She's just a baby doll!


----------



## Roll farms (Feb 28, 2011)

I'm betting the Alpine blood made her so flashy...but I hope my Togg x Ob kid(s) coming in June are that adorable...congrats!


----------



## Our7Wonders (Feb 28, 2011)

She's a keeper!  And she looks HUGE!  How big was she?  

Congratulations!


----------



## Livinwright Farm (Mar 1, 2011)

WOW!! She is gorgeous!!!  would love to see a pic of her standing... I bet the flash isn't just in her coloration!
_Edited to add: _ given her flash... I suppose its okay that she wasn't twins...


----------



## PattySh (Mar 1, 2011)

Wow. I just weighed the singleton doeling she's 10#!!! Weighed her twice to be sure.  Super easy delivery for a first timer with a huge kid.

Yes glad it was one,we are hoping to be able to use some milk and not have to feed it to all the kids.  My 5 yr old grandson has been waiting very patiently for his share of goats milk as the vet said  to wait 96 hrs as Sasha had antibiotics. He loves goat's milk. Sasha milked  2 1/2 qts yesterday and I bet Sparkle will do the same so I think we're good tho.

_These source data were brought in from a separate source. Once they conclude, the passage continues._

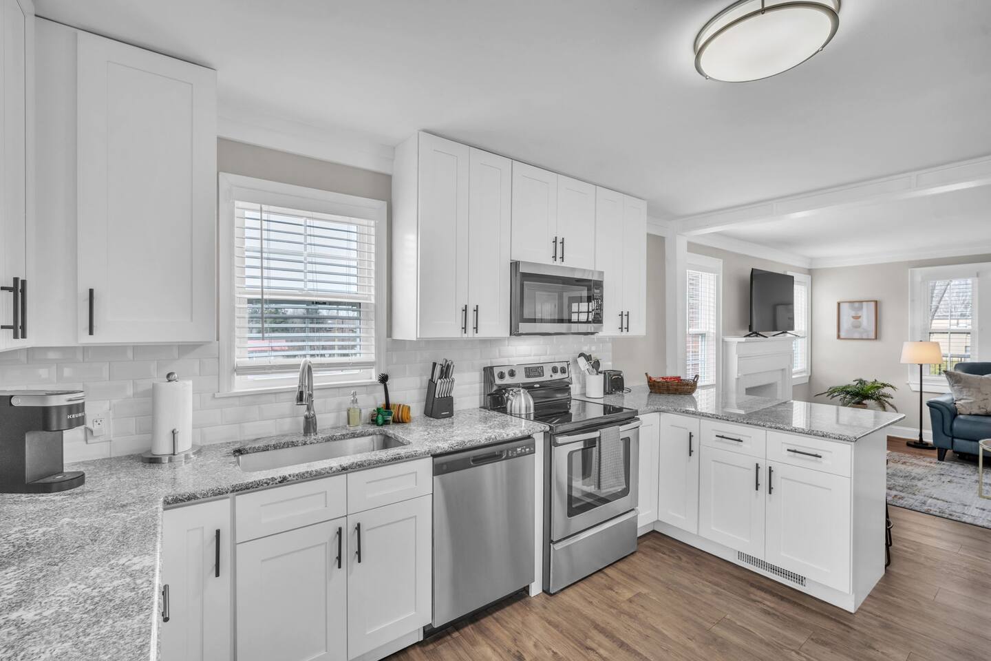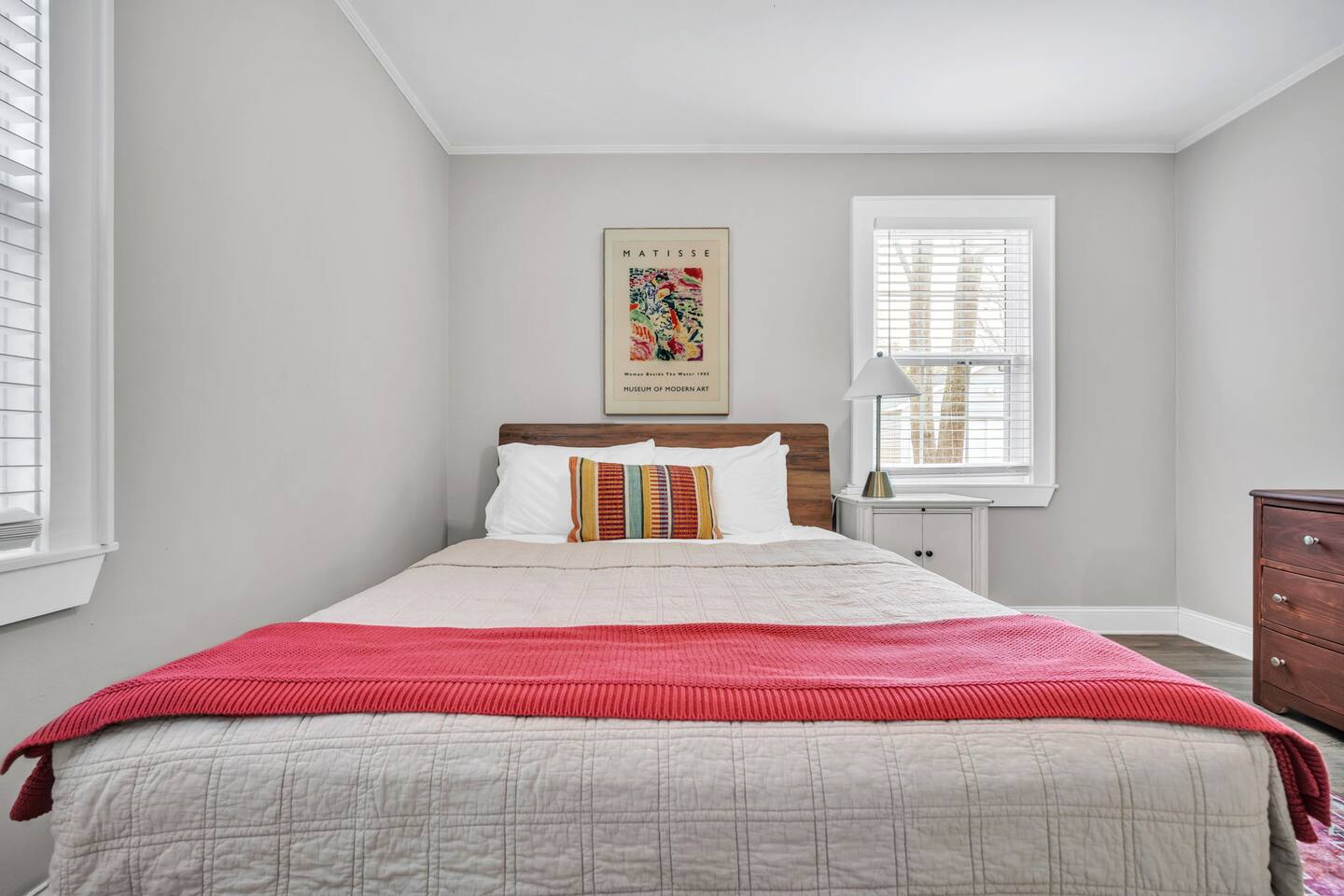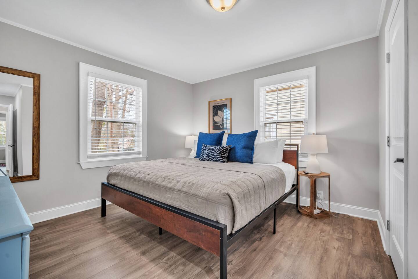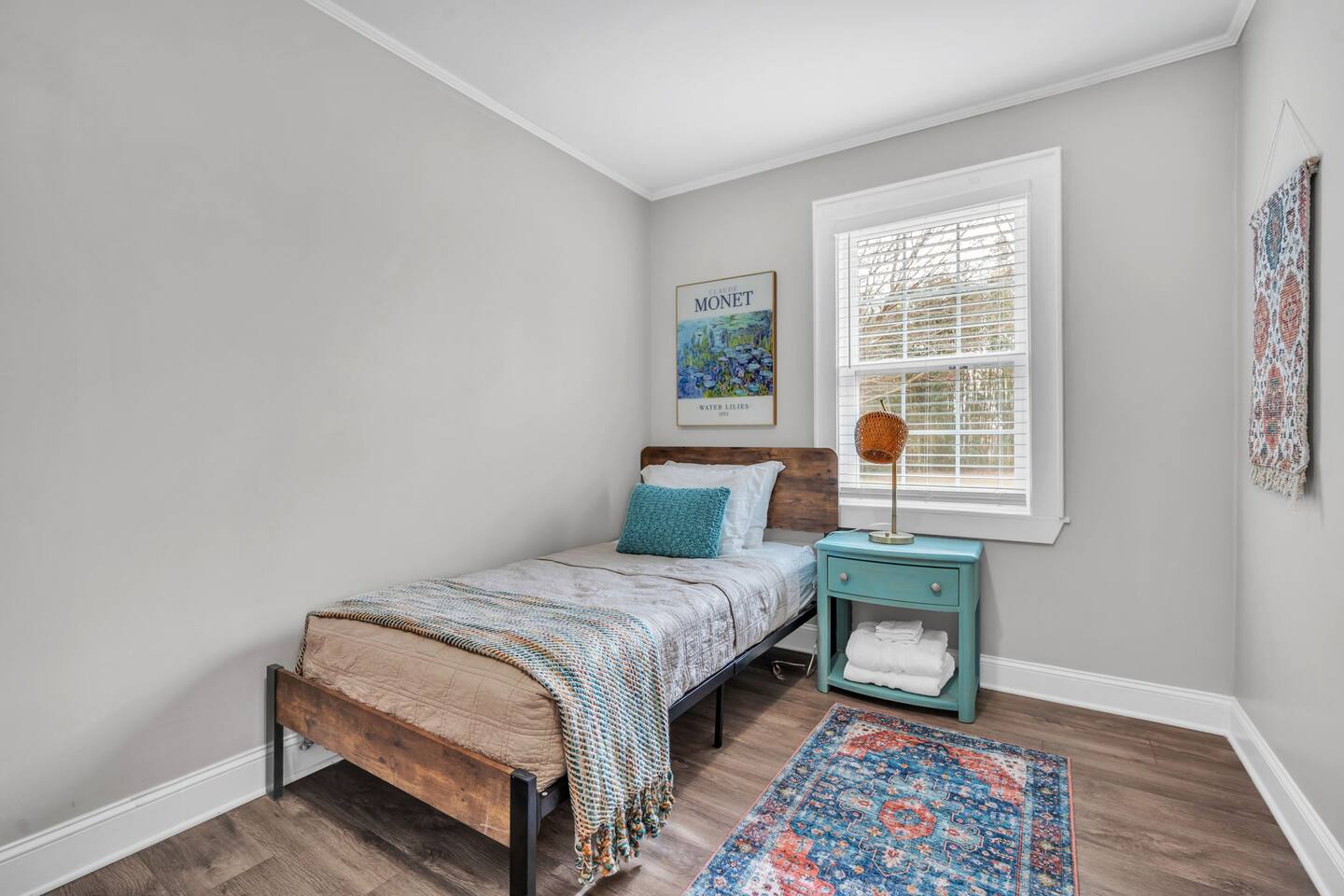 Welcome to Bluestone Cottage, your perfect home away from home! Nestled in the heart of Greenville, this charming 3-bedroom, 1.5-bathroom property offers everything you need for a relaxing stay. Whether you're attending a performance at The Peace Center, exploring award-winning Downtown Greenville, or simply looking for a place to unwind, Bluestone Cottage provides the ideal space to recharge and relax. The Space: Upon entering Bluestone Cottage, you’ll immediately notice the blend of comfort and style. The living room is spacious and inviting, offering a reclining leather sofa and matching loveseat. Relax with your favorite shows on the Smart TV (no cable, but you can log into your own streaming services). Large windows throughout the home bring in plenty of natural light, creating a bright and airy atmosphere. The fully equipped kitchen features a bar with three stools, offering a cozy space for meals or a morning coffee. It’s well-stocked with all the essentials, including pots, pans, dishes, glasses, and a coffee station to kick-start your day. An entryway table converts into an additional dining table when needed, with chairs in the hall closet. Bedroom 1 (Main Bedroom): The master bedroom is a tranquil retreat, featuring a comfortable king-size bed, nightstands with reading lamps, and a closet. You’ll appreciate the easy access to the full bathroom, which also connects to the hallway. Bedroom 2: This room is furnished with a queen bed, nightstand, and closet. It’s a peaceful space for a restful night’s sleep, with soft linens and stylish decor. Bedroom 3: The third bedroom offers a cozy twin bed, perfect for solo travelers or kids. A dedicated workspace with a desk makes it an excellent option for those needing a quiet place to work or study. Bathrooms: - Main Bathroom: Conveniently located in the hallway and attached to the master bedroom, the full bathroom features a tub/shower combination, single vanity, toilet. - Half Bathroom: A second bathroom is available for added convenience, featuring a sink, vanity, and toilet. Outdoor Space: Bluestone Cottage is designed for outdoor enjoyment, featuring a fully fenced-in front yard, perfect for pets or simply enjoying the fresh air. The back of the house also offers a small yard where you can unwind and relax. Parking: Parking is available in the driveway with room for at least two cars. Please note that the detached garage is not available for guest use. Pet-Friendly: Pets are welcome at Bluestone Cottage with a one-time fee, automatically added during booking when you add your furry friend to your reservation. We can’t wait to welcome you to Bluestone Cottage! Feel free to reach out if you have any questions or need assistance—we’re just a message away.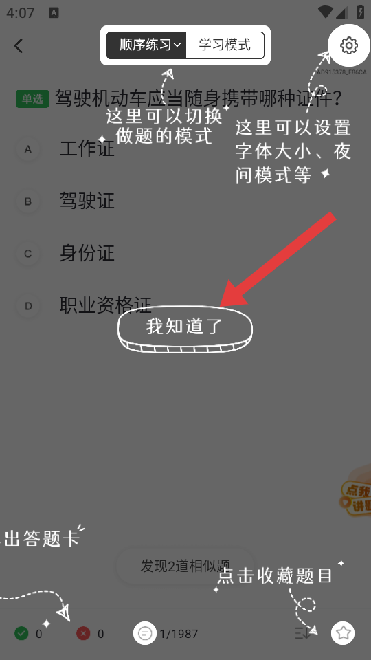 3、在答题引导弹窗中,点击我知道了的按钮,关闭提示并进入正式答题界面。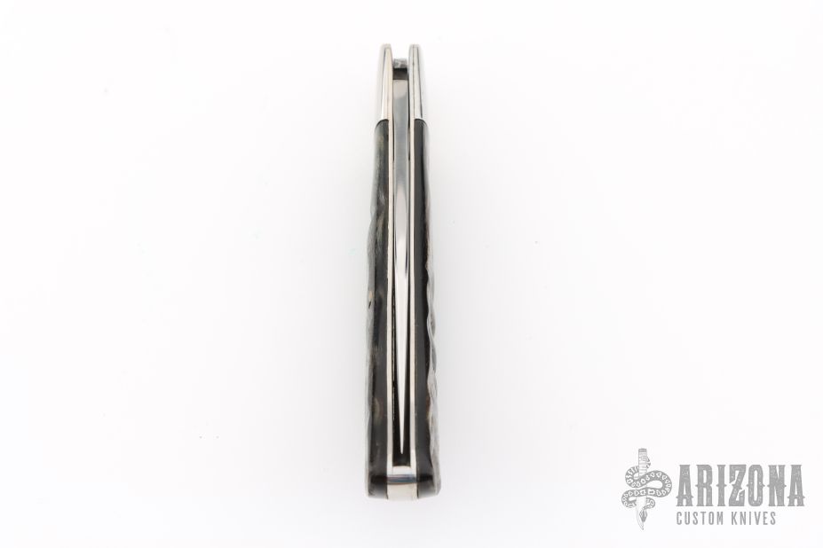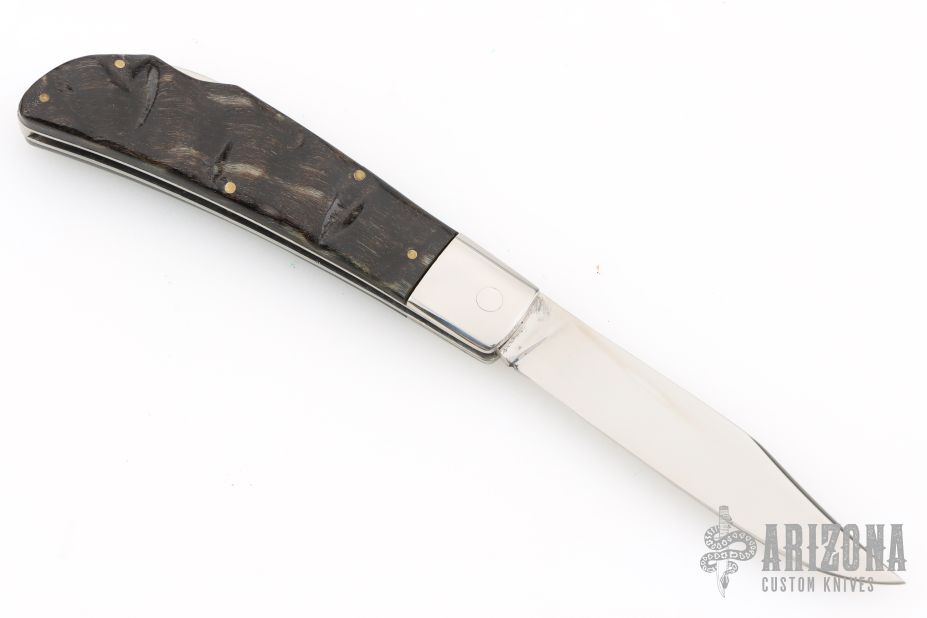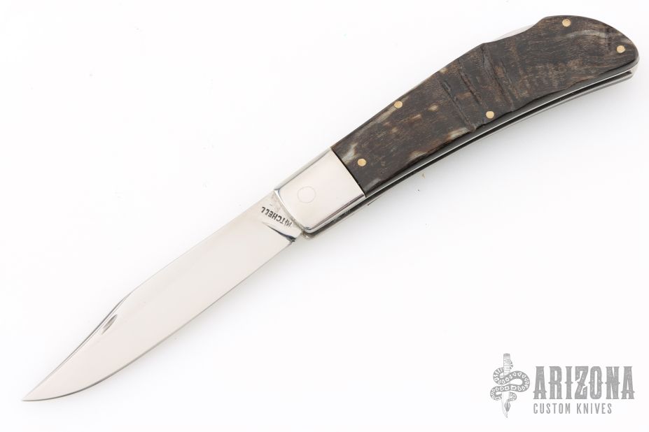 This is a Lockback Folder from Harry Mitchell and it features a mirror finished blade with nail nick. The handle has a nickel silver bolsters, nickel silver liners, horn scales and stainless steel backspacer. Nice blade seating and lockup. Comes in a soft pouch. Has a couple light scratches, excellent condition otherwise.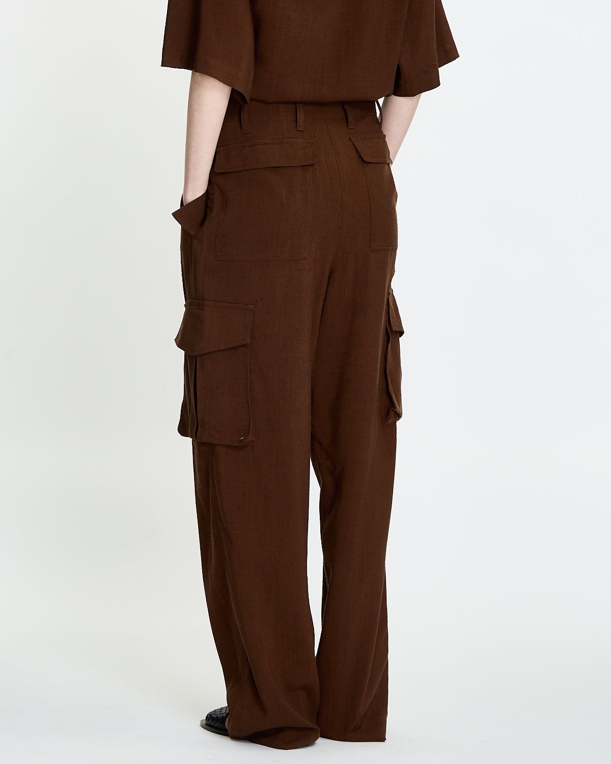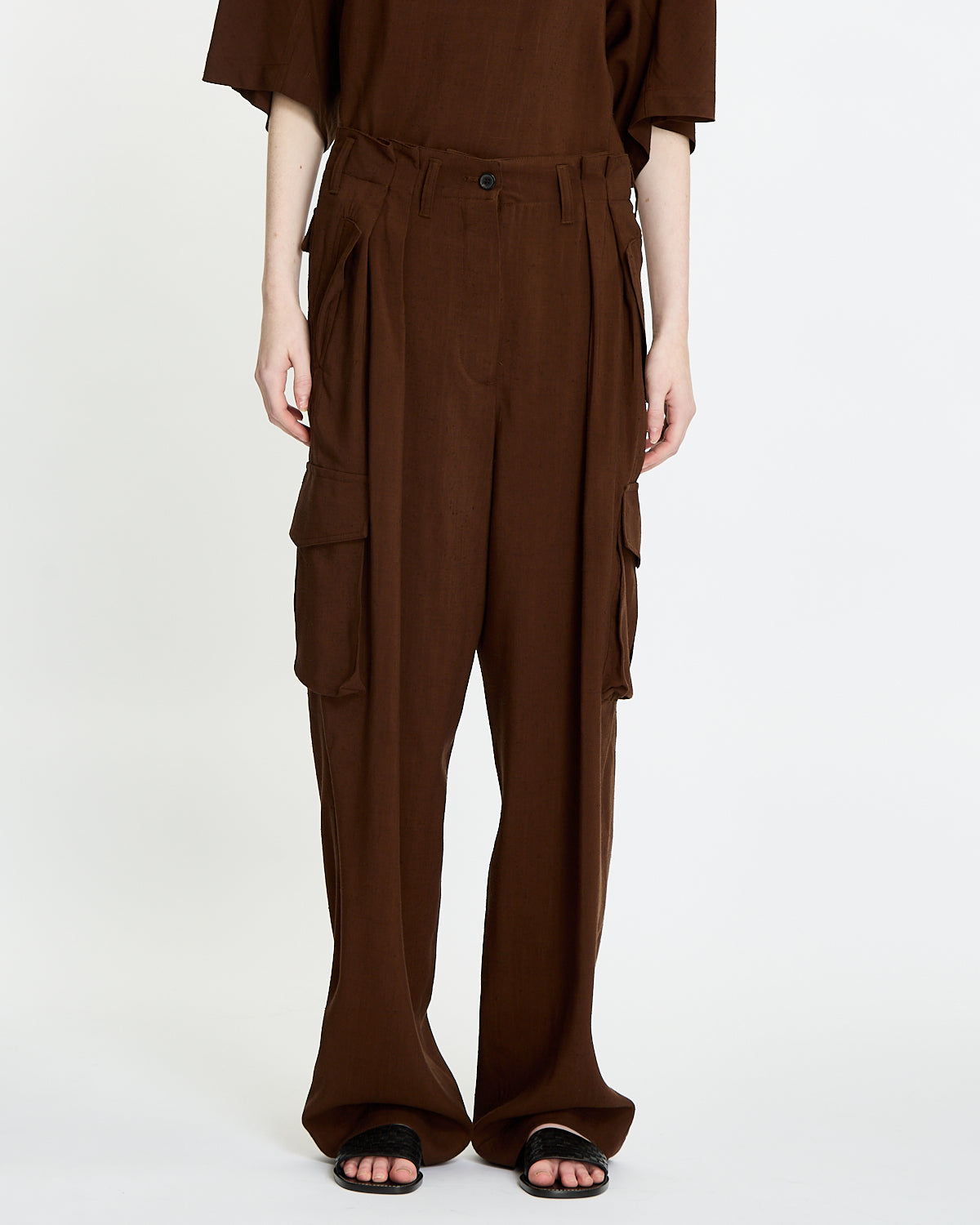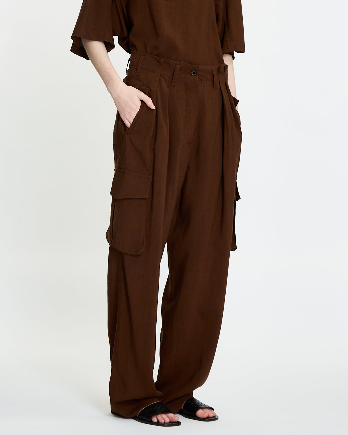 Dries Van Noten Polkar Pants in brown features a wide silhouette. Details include front pleats, cargo pockets and slub viscose fabrication.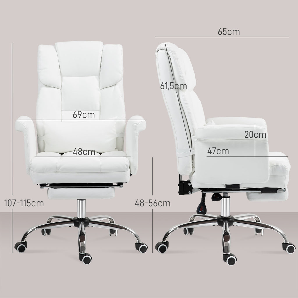 Office Chair, Ergonomic Reclining with Footrest, White Faux Leather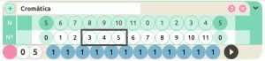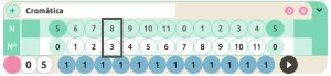 Y en una escala cromática con transposición 5 (cromática desde Fa), el Nº(3) equivale a la N(8) o nota Sol#:

Well we have all doelings so far, assuming we'll  also get some bucklings to raise for the freezer. How do you not keep the does tho lol? There will be alot of cheese  making and our pigs and chickens will be fat! Thankfully I bought a machine as we still have several pregnant. Now bucks can happen and I'll be fine with that. No seriously as long as they are born healthy and the does are ok I really don't care the sex, it all works.

Thanks for all the support guys, still can't believe this one popped out so easy. Hope the others all go so easy.

As for the color, I do know that Sparkles father was a white alpine with very little black on him so I bet he's the "bling" guy. Sparkle has a white face just like this doeling.


----------



## Livinwright Farm (Mar 1, 2011)

double WOW!!!  glad it was a relatively easy delivery!


----------



## PattySh (Mar 10, 2011)

Just went out to check S'more.  Due date: March 12.  Felt the kid move so hope I have time for a cat nap. Watching the  video monitor, playing with the computer.................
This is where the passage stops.